--- Entries provided Enclosed Below ---

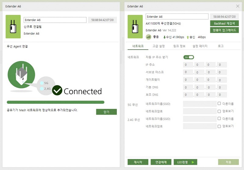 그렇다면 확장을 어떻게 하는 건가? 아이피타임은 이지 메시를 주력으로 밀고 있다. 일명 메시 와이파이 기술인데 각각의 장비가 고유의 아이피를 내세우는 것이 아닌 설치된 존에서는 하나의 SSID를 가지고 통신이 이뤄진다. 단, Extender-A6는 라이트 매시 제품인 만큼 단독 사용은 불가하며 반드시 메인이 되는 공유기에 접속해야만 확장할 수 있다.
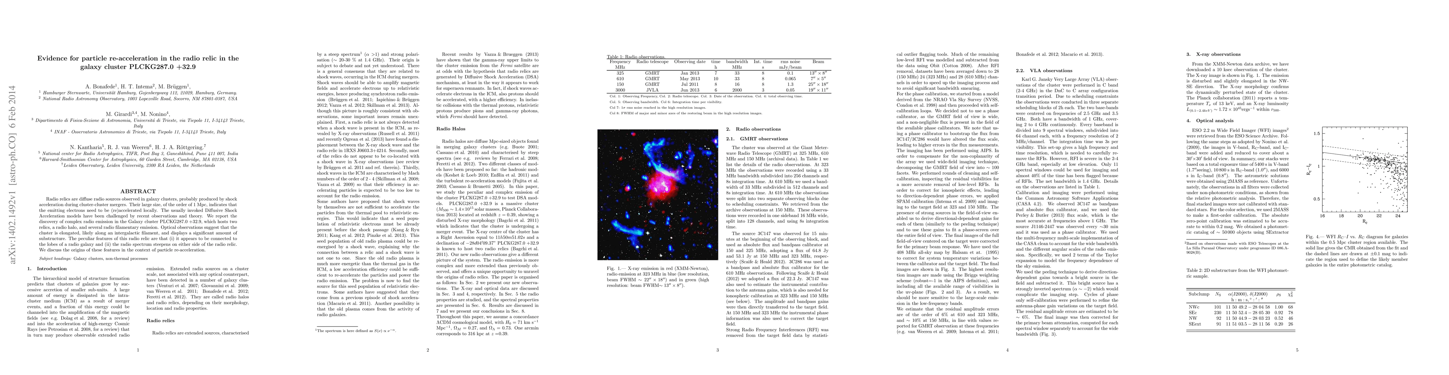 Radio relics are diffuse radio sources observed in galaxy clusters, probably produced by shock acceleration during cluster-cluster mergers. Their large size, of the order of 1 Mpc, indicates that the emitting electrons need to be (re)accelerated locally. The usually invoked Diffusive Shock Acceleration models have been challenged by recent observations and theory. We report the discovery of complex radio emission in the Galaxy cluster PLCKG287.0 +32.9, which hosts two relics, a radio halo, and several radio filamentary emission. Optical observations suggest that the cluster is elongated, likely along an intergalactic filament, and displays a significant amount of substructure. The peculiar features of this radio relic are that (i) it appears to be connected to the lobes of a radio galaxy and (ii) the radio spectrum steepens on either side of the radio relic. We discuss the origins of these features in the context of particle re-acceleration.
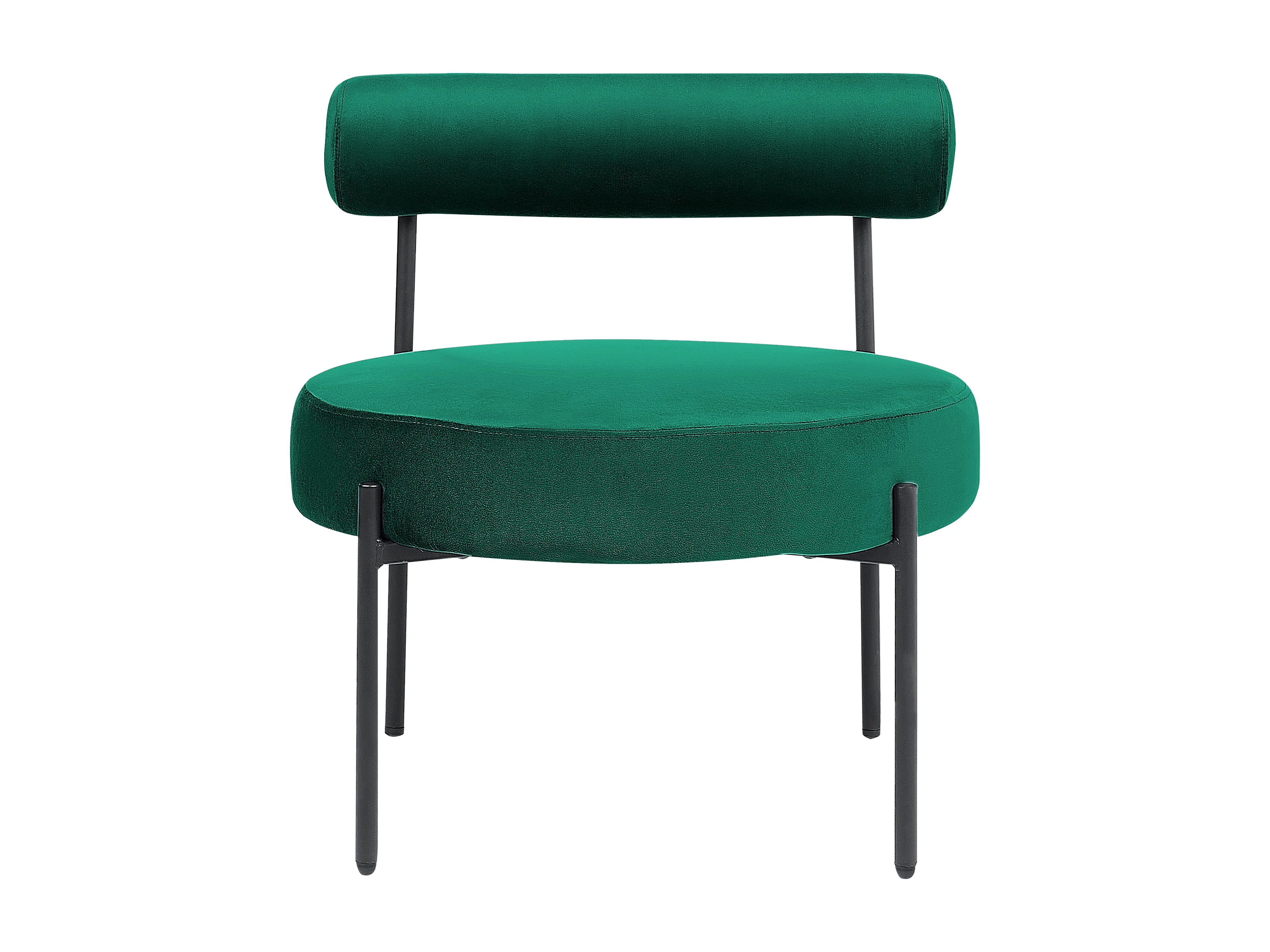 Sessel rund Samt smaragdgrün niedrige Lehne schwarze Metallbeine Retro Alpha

--- End of Enclosed Entries provided ---
--- Entries provided Enclosed Below ---

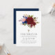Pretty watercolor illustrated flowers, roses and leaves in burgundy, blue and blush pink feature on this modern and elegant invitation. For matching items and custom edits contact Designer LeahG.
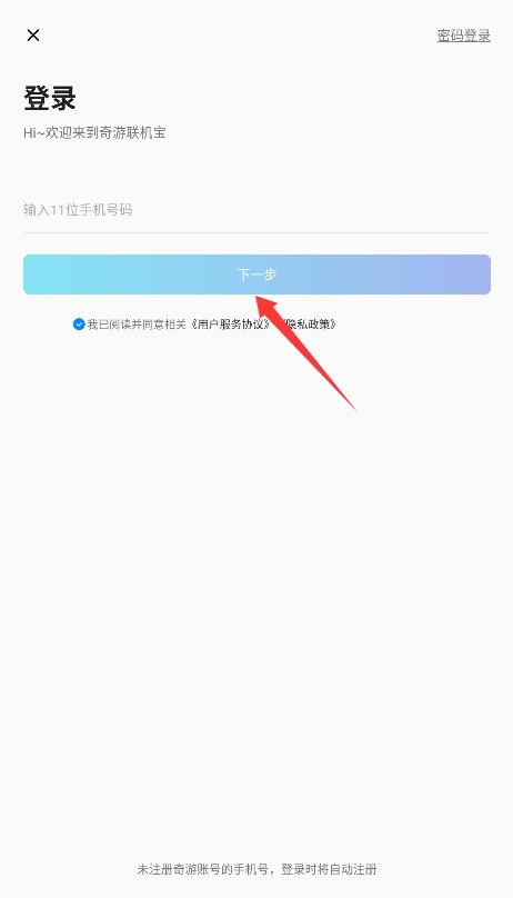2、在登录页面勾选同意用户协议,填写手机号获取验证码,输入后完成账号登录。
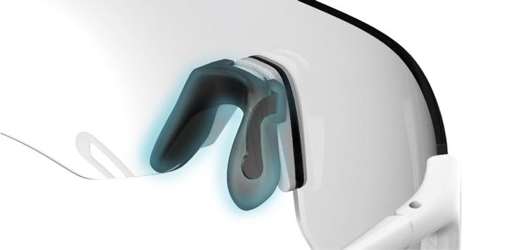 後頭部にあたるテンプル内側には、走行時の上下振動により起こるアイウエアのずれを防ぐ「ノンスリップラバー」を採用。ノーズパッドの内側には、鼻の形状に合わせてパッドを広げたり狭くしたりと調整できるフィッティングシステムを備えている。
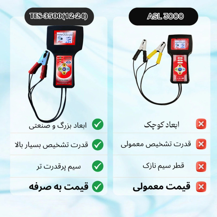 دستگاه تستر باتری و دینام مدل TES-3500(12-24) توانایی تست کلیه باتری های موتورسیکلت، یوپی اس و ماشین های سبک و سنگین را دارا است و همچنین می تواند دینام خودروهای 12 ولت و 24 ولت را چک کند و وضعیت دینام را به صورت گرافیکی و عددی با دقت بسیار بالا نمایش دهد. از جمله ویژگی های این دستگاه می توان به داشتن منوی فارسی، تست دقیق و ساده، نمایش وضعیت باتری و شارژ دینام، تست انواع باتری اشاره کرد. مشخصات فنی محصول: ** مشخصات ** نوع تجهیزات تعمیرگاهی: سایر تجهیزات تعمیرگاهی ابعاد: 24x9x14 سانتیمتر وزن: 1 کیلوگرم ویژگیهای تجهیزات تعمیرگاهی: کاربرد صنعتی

--- End of Enclosed Entries provided ---

§ Work task
Starting at the line containing "Radio relics are" and finishing at the line containing "Sessel rund Samt", return those lines exactly as they appear above, without the pictures.

§ Solution to the problem
 Radio relics are diffuse radio sources observed in galaxy clusters, probably produced by shock acceleration during cluster-cluster mergers. Their large size, of the order of 1 Mpc, indicates that the emitting electrons need to be (re)accelerated locally. The usually invoked Diffusive Shock Acceleration models have been challenged by recent observations and theory. We report the discovery of complex radio emission in the Galaxy cluster PLCKG287.0 +32.9, which hosts two relics, a radio halo, and several radio filamentary emission. Optical observations suggest that the cluster is elongated, likely along an intergalactic filament, and displays a significant amount of substructure. The peculiar features of this radio relic are that (i) it appears to be connected to the lobes of a radio galaxy and (ii) the radio spectrum steepens on either side of the radio relic. We discuss the origins of these features in the context of particle re-acceleration.
 Sessel rund Samt smaragdgrün niedrige Lehne schwarze Metallbeine Retro Alpha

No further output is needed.